-- DIRECTIONS FOR THIS TASK --
Starting with the first line and ending with the last, transcribe the data exactly.

*** Opening GIVEN RECORDS ***

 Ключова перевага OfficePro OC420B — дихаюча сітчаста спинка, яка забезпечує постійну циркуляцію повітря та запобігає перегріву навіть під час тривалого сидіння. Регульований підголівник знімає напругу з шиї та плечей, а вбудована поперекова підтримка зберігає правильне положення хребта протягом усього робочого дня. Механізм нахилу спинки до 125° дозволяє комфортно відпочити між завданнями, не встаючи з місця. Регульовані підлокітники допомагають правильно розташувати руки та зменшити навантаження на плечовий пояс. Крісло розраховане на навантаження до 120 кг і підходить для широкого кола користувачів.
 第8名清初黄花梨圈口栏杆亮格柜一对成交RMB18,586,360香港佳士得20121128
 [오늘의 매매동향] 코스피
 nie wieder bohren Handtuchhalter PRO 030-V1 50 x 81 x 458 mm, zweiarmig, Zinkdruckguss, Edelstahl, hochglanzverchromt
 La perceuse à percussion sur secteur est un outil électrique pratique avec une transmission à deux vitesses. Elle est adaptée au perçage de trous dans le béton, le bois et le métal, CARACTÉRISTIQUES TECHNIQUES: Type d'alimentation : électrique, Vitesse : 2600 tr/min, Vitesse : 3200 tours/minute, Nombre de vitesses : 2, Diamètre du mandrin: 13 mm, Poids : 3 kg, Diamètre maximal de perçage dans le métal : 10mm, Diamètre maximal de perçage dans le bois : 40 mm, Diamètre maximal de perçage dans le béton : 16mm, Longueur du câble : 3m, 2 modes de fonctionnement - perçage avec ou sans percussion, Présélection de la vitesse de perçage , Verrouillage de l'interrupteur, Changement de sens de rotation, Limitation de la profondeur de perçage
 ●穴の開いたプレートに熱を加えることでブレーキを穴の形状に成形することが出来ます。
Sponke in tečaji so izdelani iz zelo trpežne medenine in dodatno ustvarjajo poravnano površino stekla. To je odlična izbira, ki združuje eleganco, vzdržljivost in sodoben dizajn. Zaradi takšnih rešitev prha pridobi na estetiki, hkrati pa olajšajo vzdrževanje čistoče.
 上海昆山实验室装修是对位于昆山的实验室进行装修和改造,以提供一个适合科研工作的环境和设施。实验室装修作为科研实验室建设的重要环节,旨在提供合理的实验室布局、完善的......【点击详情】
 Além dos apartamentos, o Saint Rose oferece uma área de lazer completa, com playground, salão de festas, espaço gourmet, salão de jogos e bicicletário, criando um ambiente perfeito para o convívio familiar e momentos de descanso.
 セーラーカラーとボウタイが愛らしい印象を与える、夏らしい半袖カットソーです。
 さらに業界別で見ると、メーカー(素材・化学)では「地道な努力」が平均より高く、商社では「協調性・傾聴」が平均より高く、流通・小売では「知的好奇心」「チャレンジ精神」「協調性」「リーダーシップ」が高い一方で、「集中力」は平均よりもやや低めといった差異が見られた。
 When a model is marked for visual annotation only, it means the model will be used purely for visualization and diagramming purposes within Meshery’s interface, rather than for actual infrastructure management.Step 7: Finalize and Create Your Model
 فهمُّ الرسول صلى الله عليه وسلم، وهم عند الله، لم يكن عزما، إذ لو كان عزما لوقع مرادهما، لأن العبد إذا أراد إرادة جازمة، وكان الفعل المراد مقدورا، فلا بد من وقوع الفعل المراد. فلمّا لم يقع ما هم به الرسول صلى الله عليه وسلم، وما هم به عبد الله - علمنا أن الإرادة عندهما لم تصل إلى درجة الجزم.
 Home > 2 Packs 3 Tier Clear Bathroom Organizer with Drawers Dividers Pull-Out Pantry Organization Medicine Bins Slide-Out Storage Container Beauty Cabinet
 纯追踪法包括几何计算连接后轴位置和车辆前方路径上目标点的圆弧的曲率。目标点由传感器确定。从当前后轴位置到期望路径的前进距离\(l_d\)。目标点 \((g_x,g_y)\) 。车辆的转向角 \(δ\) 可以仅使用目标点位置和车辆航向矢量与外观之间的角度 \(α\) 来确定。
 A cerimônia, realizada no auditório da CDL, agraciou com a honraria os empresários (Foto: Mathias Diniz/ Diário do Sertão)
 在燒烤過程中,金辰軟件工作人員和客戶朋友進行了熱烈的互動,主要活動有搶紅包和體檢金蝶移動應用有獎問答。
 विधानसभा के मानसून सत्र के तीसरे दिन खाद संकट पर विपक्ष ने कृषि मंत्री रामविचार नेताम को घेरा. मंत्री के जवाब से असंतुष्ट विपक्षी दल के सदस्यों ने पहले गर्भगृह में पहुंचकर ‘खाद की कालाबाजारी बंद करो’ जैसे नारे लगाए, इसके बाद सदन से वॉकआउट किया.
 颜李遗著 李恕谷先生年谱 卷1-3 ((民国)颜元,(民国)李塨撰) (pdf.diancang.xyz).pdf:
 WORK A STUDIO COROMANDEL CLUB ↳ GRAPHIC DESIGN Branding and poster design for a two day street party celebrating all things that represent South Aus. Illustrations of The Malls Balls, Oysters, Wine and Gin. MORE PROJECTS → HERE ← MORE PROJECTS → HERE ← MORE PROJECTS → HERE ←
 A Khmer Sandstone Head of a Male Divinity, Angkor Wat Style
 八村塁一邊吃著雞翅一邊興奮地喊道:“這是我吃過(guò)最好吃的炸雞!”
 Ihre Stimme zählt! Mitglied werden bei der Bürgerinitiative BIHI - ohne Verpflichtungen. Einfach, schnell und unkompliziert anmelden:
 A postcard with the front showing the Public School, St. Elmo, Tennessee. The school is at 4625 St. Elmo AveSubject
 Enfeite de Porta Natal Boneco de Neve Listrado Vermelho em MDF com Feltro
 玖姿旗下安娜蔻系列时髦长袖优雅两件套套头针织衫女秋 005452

*** Closing GIVEN RECORDS ***

-- ANSWER BOX --
 Ключова перевага OfficePro OC420B — дихаюча сітчаста спинка, яка забезпечує постійну циркуляцію повітря та запобігає перегріву навіть під час тривалого сидіння. Регульований підголівник знімає напругу з шиї та плечей, а вбудована поперекова підтримка зберігає правильне положення хребта протягом усього робочого дня. Механізм нахилу спинки до 125° дозволяє комфортно відпочити між завданнями, не встаючи з місця. Регульовані підлокітники допомагають правильно розташувати руки та зменшити навантаження на плечовий пояс. Крісло розраховане на навантаження до 120 кг і підходить для широкого кола користувачів.
 第8名清初黄花梨圈口栏杆亮格柜一对成交RMB18,586,360香港佳士得20121128
 [오늘의 매매동향] 코스피
 nie wieder bohren Handtuchhalter PRO 030-V1 50 x 81 x 458 mm, zweiarmig, Zinkdruckguss, Edelstahl, hochglanzverchromt
 La perceuse à percussion sur secteur est un outil électrique pratique avec une transmission à deux vitesses. Elle est adaptée au perçage de trous dans le béton, le bois et le métal, CARACTÉRISTIQUES TECHNIQUES: Type d'alimentation : électrique, Vitesse : 2600 tr/min, Vitesse : 3200 tours/minute, Nombre de vitesses : 2, Diamètre du mandrin: 13 mm, Poids : 3 kg, Diamètre maximal de perçage dans le métal : 10mm, Diamètre maximal de perçage dans le bois : 40 mm, Diamètre maximal de perçage dans le béton : 16mm, Longueur du câble : 3m, 2 modes de fonctionnement - perçage avec ou sans percussion, Présélection de la vitesse de perçage , Verrouillage de l'interrupteur, Changement de sens de rotation, Limitation de la profondeur de perçage
 ●穴の開いたプレートに熱を加えることでブレーキを穴の形状に成形することが出来ます。
Sponke in tečaji so izdelani iz zelo trpežne medenine in dodatno ustvarjajo poravnano površino stekla. To je odlična izbira, ki združuje eleganco, vzdržljivost in sodoben dizajn. Zaradi takšnih rešitev prha pridobi na estetiki, hkrati pa olajšajo vzdrževanje čistoče.
 上海昆山实验室装修是对位于昆山的实验室进行装修和改造,以提供一个适合科研工作的环境和设施。实验室装修作为科研实验室建设的重要环节,旨在提供合理的实验室布局、完善的......【点击详情】
 Além dos apartamentos, o Saint Rose oferece uma área de lazer completa, com playground, salão de festas, espaço gourmet, salão de jogos e bicicletário, criando um ambiente perfeito para o convívio familiar e momentos de descanso.
 セーラーカラーとボウタイが愛らしい印象を与える、夏らしい半袖カットソーです。
 さらに業界別で見ると、メーカー(素材・化学)では「地道な努力」が平均より高く、商社では「協調性・傾聴」が平均より高く、流通・小売では「知的好奇心」「チャレンジ精神」「協調性」「リーダーシップ」が高い一方で、「集中力」は平均よりもやや低めといった差異が見られた。
 When a model is marked for visual annotation only, it means the model will be used purely for visualization and diagramming purposes within Meshery’s interface, rather than for actual infrastructure management.Step 7: Finalize and Create Your Model
 فهمُّ الرسول صلى الله عليه وسلم، وهم عند الله، لم يكن عزما، إذ لو كان عزما لوقع مرادهما، لأن العبد إذا أراد إرادة جازمة، وكان الفعل المراد مقدورا، فلا بد من وقوع الفعل المراد. فلمّا لم يقع ما هم به الرسول صلى الله عليه وسلم، وما هم به عبد الله - علمنا أن الإرادة عندهما لم تصل إلى درجة الجزم.
 Home > 2 Packs 3 Tier Clear Bathroom Organizer with Drawers Dividers Pull-Out Pantry Organization Medicine Bins Slide-Out Storage Container Beauty Cabinet
 纯追踪法包括几何计算连接后轴位置和车辆前方路径上目标点的圆弧的曲率。目标点由传感器确定。从当前后轴位置到期望路径的前进距离\(l_d\)。目标点 \((g_x,g_y)\) 。车辆的转向角 \(δ\) 可以仅使用目标点位置和车辆航向矢量与外观之间的角度 \(α\) 来确定。
 A cerimônia, realizada no auditório da CDL, agraciou com a honraria os empresários (Foto: Mathias Diniz/ Diário do Sertão)
 在燒烤過程中,金辰軟件工作人員和客戶朋友進行了熱烈的互動,主要活動有搶紅包和體檢金蝶移動應用有獎問答。
 विधानसभा के मानसून सत्र के तीसरे दिन खाद संकट पर विपक्ष ने कृषि मंत्री रामविचार नेताम को घेरा. मंत्री के जवाब से असंतुष्ट विपक्षी दल के सदस्यों ने पहले गर्भगृह में पहुंचकर ‘खाद की कालाबाजारी बंद करो’ जैसे नारे लगाए, इसके बाद सदन से वॉकआउट किया.
 颜李遗著 李恕谷先生年谱 卷1-3 ((民国)颜元,(民国)李塨撰) (pdf.diancang.xyz).pdf:
 WORK A STUDIO COROMANDEL CLUB ↳ GRAPHIC DESIGN Branding and poster design for a two day street party celebrating all things that represent South Aus. Illustrations of The Malls Balls, Oysters, Wine and Gin. MORE PROJECTS → HERE ← MORE PROJECTS → HERE ← MORE PROJECTS → HERE ←
 A Khmer Sandstone Head of a Male Divinity, Angkor Wat Style
 八村塁一邊吃著雞翅一邊興奮地喊道:“這是我吃過(guò)最好吃的炸雞!”
 Ihre Stimme zählt! Mitglied werden bei der Bürgerinitiative BIHI - ohne Verpflichtungen. Einfach, schnell und unkompliziert anmelden:
 A postcard with the front showing the Public School, St. Elmo, Tennessee. The school is at 4625 St. Elmo AveSubject
 Enfeite de Porta Natal Boneco de Neve Listrado Vermelho em MDF com Feltro
 玖姿旗下安娜蔻系列时髦长袖优雅两件套套头针织衫女秋 005452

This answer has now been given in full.